▶ Aim of the exercise
One exact copy of the listing, minus the images, is the required answer.

BEGIN Provided material

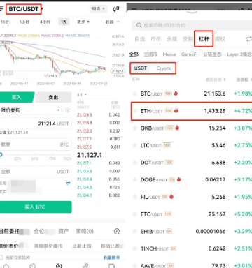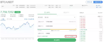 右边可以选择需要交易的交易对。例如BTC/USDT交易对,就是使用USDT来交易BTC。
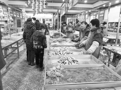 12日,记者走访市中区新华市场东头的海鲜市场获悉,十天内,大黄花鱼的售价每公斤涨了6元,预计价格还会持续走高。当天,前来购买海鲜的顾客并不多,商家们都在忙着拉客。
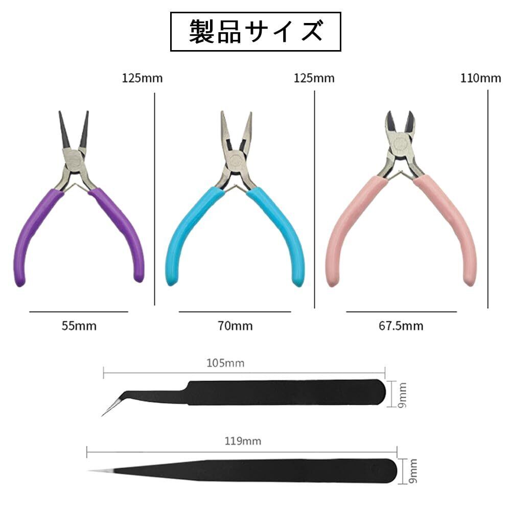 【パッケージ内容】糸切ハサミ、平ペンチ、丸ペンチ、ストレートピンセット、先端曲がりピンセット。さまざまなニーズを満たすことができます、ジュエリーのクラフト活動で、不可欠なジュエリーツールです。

END Provided material

▶ Answer
 右边可以选择需要交易的交易对。例如BTC/USDT交易对,就是使用USDT来交易BTC。
 12日,记者走访市中区新华市场东头的海鲜市场获悉,十天内,大黄花鱼的售价每公斤涨了6元,预计价格还会持续走高。当天,前来购买海鲜的顾客并不多,商家们都在忙着拉客。
 【パッケージ内容】糸切ハサミ、平ペンチ、丸ペンチ、ストレートピンセット、先端曲がりピンセット。さまざまなニーズを満たすことができます、ジュエリーのクラフト活動で、不可欠なジュエリーツールです。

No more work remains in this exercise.